SpiritFarmer


April 1, 2003, 5:06 pm
Filed under: uncategorized

Here’s a little window into my soul: I’m nothing if not a big-time chicken. I hate taking risks. I don’t like going out on a limb – in fact I’ve never been one for climbing trees in the first place. Mostly I think it’s because I hate failure (as Eminem says in his big theme song for the movie 8 Mile, “Success is my only @#$% option, failure’s not.”).

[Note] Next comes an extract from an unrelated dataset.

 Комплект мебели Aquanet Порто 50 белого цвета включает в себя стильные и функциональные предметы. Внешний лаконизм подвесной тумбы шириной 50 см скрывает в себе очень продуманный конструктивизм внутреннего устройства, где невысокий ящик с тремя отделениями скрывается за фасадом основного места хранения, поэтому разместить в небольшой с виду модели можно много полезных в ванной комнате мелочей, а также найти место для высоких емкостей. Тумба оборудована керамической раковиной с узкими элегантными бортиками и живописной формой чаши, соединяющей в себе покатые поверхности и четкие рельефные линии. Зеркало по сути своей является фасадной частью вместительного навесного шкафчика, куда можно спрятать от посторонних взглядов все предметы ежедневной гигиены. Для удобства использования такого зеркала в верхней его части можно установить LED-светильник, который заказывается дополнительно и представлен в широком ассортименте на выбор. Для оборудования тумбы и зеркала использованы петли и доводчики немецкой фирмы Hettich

That may be the most significant thing about church planting for me – I am doing something risky. Yeah, well, except for the fact that even if I completely fail and end up unemployed, Michelle’s salary alone still puts us in the top 10% of the world’s family income level. And except for the fact that even if I completely fail, I still have a loving and merciful God who is for me in every way possible and will not reject me. Oh yeah, there’s also the fact that even if I completely fail, I am highly unlikely to be imprisoned or physically endangered because of my religious beliefs. Heck, even if I had the intention (which I don’t) of planting a trendy candle-burning, sofa-sitting, labyrinth-praying, kumbyah-singing mega-church and I completely fail, I’m still pretty likely to at least end up with a decent-sized house church. So the question that begs to be asked here is whether I’m risking much at all.

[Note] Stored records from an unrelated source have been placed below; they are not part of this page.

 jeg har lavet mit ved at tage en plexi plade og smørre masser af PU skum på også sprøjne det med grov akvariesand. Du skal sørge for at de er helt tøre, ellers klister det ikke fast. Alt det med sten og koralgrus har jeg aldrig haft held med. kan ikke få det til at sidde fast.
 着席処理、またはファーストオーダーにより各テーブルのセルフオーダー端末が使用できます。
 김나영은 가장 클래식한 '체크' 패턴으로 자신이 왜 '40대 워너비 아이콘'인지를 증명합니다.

Yes, I’m trading in some comfort, but I’m gaining a life of vitality and faith in God’s provision. Yes, I’m cashing in many years worth of respectability within the traditional church mindset, but I’m gaining the freedom of creativity and fun. Yes, I’m giving up the tried and true formulas for success and a well-mapped road in front of me, but I’m gaining the opportunity to make stuff up as I go along and watch how God makes something beautiful out the mess of things I give to him.

It’s a tragedy that the church has become such a safe place that so few are willing to risk. It’s a tragedy that it’s taken me this long to take this kind of risk myself. Believe me, this post is not some self-congratulatory rant about how the church sucks but I don’t.

Have I really thought that God would not somehow honor my desire to serve him? Have I really thought that He might reject me if I didn’t measure up? Have I really thought that success as the world sees it is more important than living a life of impact? Have I really been so protective of my reputation? Have I really been that bent on pursuing my own comfort? Sadly, there are plenty of yeses to cover all of those questions and more like them.